Thursday, 25 September 2014

The Amazing Spider-Man 2

The Amazing Spider-Man 2 is the sequel to the 2012 remake that nobody asked for, The Amazing Spider-Man. The first film was decent, but did little to improve upon the Spider-Man films that came before it. Does the sequel fare any better?

The Amazing Spider-Man 2 is better than, or at least it fixes some of the problems from the first film. Andrew Garfield is great as Spider-Man; he has enough quips and funny moments and really embodies the comical webslinger. All of the actors do a great job. Emma Stone is a brilliant Gwen Stacy again except this time the dialogue between her and Peter isn’t quite as stilted and awkward. Jamie Foxx blows it out of the water as Electro, or more specifically as his alter ego Max Dillon, the meekest and shyest man imaginable but hiding a creepy obsession with Spider-Man after he saves his life. This initially gives the two rivals a very interesting dynamic but is sadly dropped towards the end of the film. An unexpected surprise was Dane DeHaan as Harry Osborn/Green Goblin. DeHaan is excellent in everything else he’s been in and he’s great here, and what surprised me was what a great goblin he made. He has the cackle down and everything.

The music in this film, by none other than Hans Zimmer himself, is also really good and used to full effect. For example, when Electro uses his electricity there is a sudden burst of dubstep. You’re probably thinking, “Wow that sounds awful!” just like I was but somehow it works. It may be a bit in your face, but so is this movie with its big action and bright colours and I don’t think it’d be as enjoyable if it wasn’t.

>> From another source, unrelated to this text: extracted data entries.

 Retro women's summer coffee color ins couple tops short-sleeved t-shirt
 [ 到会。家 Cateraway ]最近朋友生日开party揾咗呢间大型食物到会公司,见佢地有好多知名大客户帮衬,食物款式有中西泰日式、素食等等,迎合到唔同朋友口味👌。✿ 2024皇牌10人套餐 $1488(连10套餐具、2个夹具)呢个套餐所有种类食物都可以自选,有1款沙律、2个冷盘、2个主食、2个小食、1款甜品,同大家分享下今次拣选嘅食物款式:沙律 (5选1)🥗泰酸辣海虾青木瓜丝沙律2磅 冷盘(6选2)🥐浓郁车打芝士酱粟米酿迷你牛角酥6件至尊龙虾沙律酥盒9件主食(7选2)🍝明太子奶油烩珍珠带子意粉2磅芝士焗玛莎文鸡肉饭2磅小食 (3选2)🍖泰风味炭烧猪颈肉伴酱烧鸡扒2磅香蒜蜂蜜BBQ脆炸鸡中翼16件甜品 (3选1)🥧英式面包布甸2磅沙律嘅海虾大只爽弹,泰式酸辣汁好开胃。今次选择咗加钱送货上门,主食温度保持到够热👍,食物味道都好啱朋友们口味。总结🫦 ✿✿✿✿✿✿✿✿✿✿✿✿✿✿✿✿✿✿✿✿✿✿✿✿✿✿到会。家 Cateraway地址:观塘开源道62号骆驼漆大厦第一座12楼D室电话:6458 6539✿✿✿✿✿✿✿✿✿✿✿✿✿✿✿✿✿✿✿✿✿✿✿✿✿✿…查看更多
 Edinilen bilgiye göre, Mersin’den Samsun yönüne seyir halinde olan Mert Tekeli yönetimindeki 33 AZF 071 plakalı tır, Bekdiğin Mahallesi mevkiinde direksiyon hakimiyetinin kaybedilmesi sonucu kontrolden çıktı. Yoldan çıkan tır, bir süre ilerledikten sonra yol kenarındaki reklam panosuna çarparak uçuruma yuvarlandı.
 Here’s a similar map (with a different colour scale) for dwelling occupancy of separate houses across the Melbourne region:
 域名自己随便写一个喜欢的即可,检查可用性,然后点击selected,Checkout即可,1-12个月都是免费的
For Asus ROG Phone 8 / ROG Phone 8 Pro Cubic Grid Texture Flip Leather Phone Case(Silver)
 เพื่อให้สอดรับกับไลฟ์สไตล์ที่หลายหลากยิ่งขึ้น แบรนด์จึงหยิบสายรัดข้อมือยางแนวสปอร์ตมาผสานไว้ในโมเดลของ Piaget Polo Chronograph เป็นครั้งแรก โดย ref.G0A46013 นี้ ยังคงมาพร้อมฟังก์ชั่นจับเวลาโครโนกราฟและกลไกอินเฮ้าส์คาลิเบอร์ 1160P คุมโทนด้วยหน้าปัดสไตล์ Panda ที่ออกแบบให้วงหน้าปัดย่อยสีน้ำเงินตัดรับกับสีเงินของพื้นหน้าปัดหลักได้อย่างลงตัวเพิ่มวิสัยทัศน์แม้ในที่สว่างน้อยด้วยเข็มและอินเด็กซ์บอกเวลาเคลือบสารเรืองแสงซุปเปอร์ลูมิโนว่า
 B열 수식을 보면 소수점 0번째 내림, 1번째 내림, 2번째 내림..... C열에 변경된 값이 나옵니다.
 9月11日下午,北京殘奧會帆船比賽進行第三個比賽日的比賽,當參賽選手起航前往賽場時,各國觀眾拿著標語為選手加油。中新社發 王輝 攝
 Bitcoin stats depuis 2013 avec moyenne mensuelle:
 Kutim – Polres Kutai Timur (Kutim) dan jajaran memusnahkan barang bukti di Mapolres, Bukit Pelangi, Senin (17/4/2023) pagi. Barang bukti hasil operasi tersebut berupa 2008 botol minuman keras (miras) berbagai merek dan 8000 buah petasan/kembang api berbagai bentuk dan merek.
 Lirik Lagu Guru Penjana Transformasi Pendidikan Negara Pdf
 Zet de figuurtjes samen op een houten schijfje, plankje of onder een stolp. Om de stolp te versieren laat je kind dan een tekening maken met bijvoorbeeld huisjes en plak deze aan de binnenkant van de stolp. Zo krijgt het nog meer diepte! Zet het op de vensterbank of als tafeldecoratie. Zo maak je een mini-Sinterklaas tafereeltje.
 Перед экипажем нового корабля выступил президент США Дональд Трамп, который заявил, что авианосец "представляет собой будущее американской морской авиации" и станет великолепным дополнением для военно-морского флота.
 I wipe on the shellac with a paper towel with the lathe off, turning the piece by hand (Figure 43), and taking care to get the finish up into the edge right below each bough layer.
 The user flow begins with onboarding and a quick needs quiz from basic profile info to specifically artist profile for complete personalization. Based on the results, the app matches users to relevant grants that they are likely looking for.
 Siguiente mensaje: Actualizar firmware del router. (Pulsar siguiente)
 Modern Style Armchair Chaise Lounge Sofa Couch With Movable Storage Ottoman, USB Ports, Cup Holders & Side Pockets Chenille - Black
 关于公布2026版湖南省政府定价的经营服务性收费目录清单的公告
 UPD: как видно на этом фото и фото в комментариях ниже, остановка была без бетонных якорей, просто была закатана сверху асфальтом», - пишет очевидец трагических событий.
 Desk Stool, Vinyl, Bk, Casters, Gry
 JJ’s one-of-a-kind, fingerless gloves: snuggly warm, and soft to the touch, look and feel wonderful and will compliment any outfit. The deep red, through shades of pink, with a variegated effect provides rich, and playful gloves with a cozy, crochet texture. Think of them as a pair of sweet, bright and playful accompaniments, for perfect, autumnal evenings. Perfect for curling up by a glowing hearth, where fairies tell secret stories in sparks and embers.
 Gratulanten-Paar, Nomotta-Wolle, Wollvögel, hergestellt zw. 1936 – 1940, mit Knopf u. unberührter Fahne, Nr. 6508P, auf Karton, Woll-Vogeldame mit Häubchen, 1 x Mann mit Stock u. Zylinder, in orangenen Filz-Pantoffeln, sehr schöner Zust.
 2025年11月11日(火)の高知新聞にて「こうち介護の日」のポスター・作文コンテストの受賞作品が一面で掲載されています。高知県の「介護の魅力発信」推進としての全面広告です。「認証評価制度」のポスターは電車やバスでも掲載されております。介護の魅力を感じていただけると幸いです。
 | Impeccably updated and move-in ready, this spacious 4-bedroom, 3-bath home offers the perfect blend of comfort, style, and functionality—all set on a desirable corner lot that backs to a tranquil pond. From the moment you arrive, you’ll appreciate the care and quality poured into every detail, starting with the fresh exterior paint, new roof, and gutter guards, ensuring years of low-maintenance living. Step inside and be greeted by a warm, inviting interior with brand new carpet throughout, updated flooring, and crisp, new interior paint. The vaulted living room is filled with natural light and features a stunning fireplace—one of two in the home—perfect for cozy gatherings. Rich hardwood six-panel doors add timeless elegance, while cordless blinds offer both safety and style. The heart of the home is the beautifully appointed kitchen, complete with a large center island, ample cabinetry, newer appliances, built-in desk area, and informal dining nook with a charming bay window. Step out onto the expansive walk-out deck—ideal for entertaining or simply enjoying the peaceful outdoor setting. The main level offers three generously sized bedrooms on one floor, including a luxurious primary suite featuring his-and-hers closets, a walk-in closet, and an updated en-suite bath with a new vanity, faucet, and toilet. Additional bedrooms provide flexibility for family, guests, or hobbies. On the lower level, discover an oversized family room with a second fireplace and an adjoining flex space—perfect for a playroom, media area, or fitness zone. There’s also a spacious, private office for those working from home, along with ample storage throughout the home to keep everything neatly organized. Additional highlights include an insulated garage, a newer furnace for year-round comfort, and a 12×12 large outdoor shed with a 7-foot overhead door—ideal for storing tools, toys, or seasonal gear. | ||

There are problems. First of all, you leave the movie feeling like you’ve seen the majority of it before, due mostly to the trailers; if you’ve seen one you’ve seen about half of the best bits already. That being said, the good bits are really good. This is thanks to the superb special effects. The movie also suffers from being over stuffed with too many plot points and villains; there really wasn’t enough of any of the villains, Green Goblin in particular. Sadly, It feels as if this entry suffers from middle movie syndrome; as if it only exists to set up either the next Spider-Man film or the proposed Sinister Six film. You’d think that the people behind the scenes would have learnt from the mistakes made in the last trilogy and avoid this very thing.

Also, whilst Andrew Garfield makes a good Spider-Man, he makes a horrible Peter Parker. I mean he’s a good actor but he just isn’t a good Peter Parker, he’s way too cool. I suppose it’s not a huge crime, in this film he’s a confident superhero so at least he has an excuse but it’ll probably grate with fans of the comicbook – personally I prefer Peter Parker when he’s more relatable. Also you may have heard Paul Giamatti makes an appearance as Rhino… he does, for all of five minutes! Also he seems to be doing some kind of Russian accent, a horrible, horrible Russian accent; I could only hear the word “Spider” through his terrible, over the top drawl.

The Amazing Spider-Man 2 is a good film but, like the first one, that doesn’t justify it being made. This film is on par with Spider-Man 3, take that as you will and the first two Spider-Man films directed by Sam Raimi are still much better. If you like superhero films give it a chance, it offers some good action scenes, Electro is a joy to watch, and IT IS a huge improvement on the first in my opinion. But if you are tired of Spider-Man or superhero films in general, and you’re waiting for the right film to rejuvenate your love for them, this film is not it.

The Amazing Spider-Man 2 gets 3 out of 5 stars. It’s pretty good. It won’t change the world, but superhero fans will enjoy it for what it is.